- **Assignment**
Set out exactly every line of the entries below, starting at the line that holds "Front View Appliance No. 1." and stopping after the line that holds "RECEIVING MARIN CLEAN".

- **Record set**
══════════

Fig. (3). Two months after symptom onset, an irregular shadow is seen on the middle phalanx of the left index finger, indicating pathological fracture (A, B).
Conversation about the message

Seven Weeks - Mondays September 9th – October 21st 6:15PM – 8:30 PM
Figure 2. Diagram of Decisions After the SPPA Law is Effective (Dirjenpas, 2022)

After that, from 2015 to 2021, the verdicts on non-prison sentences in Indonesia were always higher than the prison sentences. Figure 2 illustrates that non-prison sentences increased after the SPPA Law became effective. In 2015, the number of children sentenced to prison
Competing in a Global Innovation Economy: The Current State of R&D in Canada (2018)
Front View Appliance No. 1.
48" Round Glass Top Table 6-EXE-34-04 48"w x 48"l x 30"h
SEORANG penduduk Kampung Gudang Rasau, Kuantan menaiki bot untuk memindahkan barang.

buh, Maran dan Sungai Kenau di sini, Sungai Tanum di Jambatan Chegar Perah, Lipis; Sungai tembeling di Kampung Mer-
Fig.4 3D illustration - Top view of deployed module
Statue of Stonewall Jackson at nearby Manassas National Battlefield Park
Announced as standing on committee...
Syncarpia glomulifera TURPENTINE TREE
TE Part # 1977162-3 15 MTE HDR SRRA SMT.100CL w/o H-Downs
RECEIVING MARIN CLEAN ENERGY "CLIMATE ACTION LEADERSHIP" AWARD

══════════

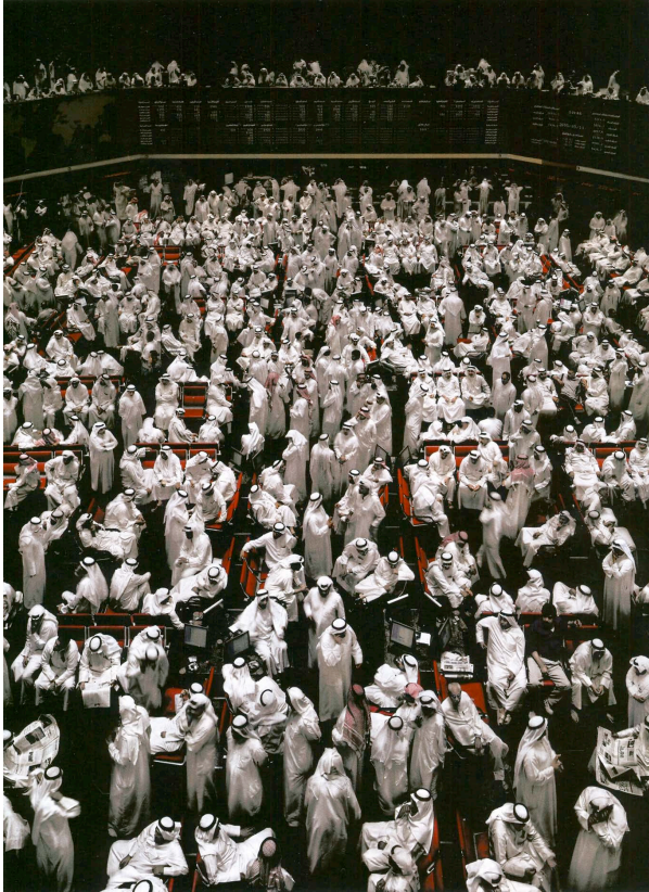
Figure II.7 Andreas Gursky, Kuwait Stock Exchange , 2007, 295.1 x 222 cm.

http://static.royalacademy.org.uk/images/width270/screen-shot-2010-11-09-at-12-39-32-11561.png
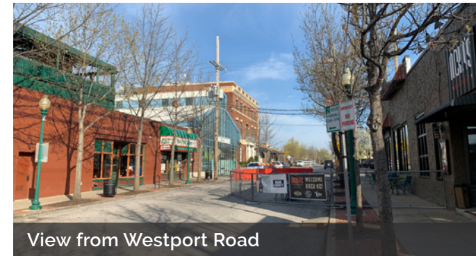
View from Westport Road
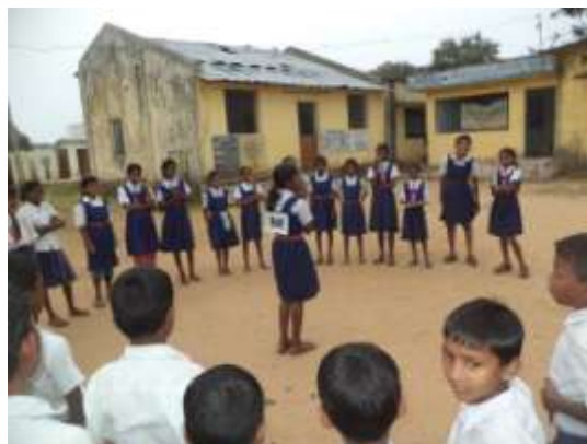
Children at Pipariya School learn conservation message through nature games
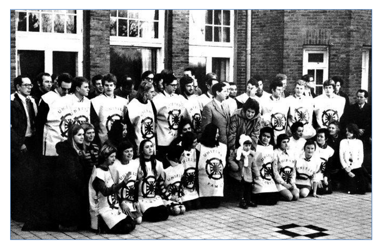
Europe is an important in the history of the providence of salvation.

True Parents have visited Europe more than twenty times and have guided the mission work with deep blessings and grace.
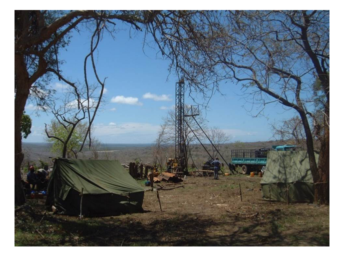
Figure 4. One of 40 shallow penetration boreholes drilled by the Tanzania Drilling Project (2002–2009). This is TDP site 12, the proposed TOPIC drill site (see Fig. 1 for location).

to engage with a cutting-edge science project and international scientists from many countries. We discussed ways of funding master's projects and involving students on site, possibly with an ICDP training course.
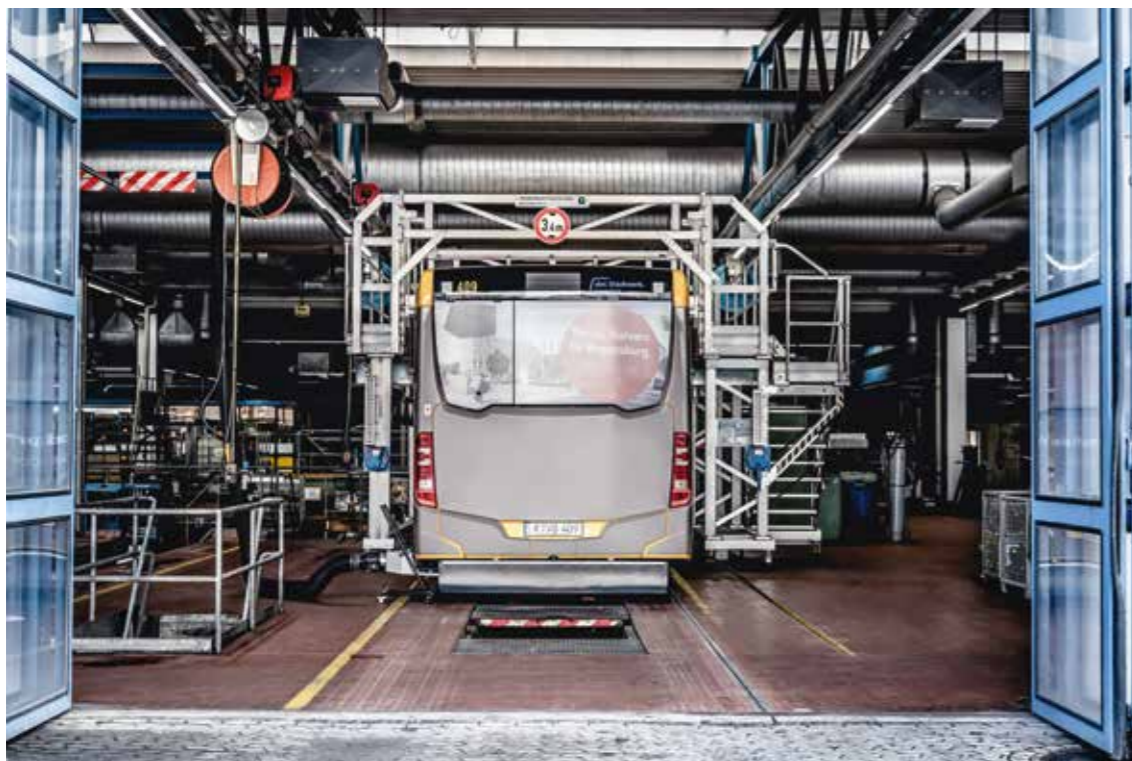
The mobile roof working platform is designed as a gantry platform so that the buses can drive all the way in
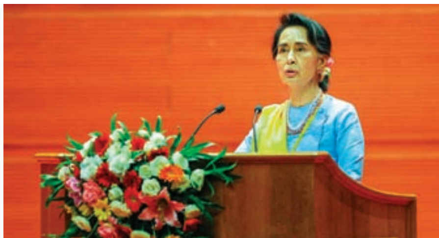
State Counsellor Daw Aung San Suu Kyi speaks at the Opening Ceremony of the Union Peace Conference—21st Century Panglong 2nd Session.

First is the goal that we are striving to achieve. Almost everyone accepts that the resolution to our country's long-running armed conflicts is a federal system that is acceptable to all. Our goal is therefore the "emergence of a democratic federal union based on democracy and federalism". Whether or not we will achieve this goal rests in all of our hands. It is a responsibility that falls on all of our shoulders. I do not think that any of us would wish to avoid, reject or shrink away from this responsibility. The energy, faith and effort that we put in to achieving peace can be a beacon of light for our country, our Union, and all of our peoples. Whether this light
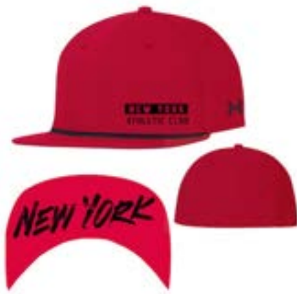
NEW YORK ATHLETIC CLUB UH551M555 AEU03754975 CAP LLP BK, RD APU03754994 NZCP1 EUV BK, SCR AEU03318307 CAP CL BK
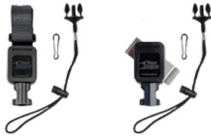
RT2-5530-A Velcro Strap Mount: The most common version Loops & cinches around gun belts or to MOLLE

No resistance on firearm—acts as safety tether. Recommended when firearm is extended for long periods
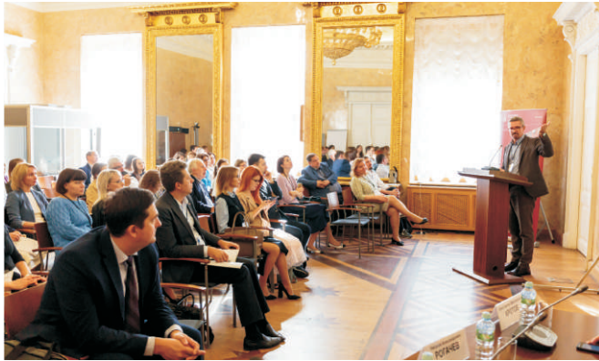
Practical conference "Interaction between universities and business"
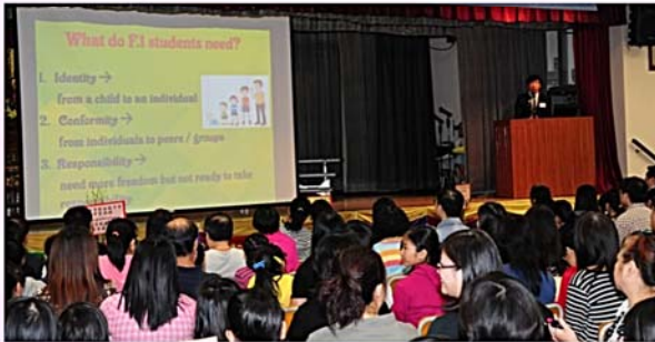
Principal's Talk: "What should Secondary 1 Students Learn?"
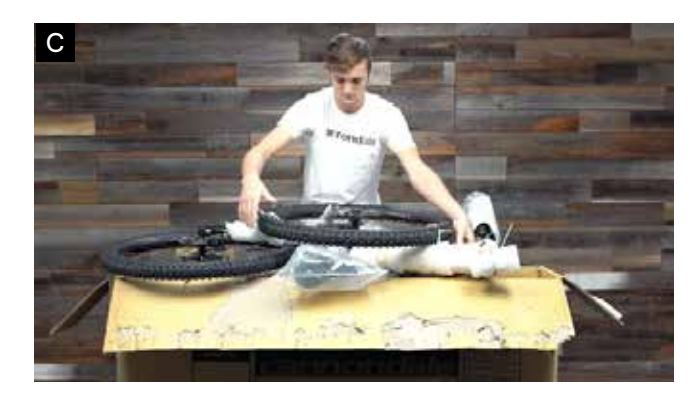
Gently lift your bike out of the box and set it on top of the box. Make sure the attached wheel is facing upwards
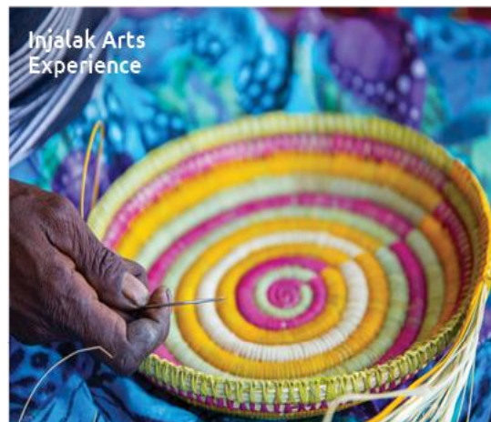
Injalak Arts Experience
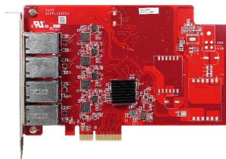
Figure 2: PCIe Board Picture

══════════

- **Solution to the problem**
Front View Appliance No. 1.
48" Round Glass Top Table 6-EXE-34-04 48"w x 48"l x 30"h
SEORANG penduduk Kampung Gudang Rasau, Kuantan menaiki bot untuk memindahkan barang.

buh, Maran dan Sungai Kenau di sini, Sungai Tanum di Jambatan Chegar Perah, Lipis; Sungai tembeling di Kampung Mer-
Fig.4 3D illustration - Top view of deployed module
Statue of Stonewall Jackson at nearby Manassas National Battlefield Park
Announced as standing on committee...
Syncarpia glomulifera TURPENTINE TREE
TE Part # 1977162-3 15 MTE HDR SRRA SMT.100CL w/o H-Downs
RECEIVING MARIN CLEAN ENERGY "CLIMATE ACTION LEADERSHIP" AWARD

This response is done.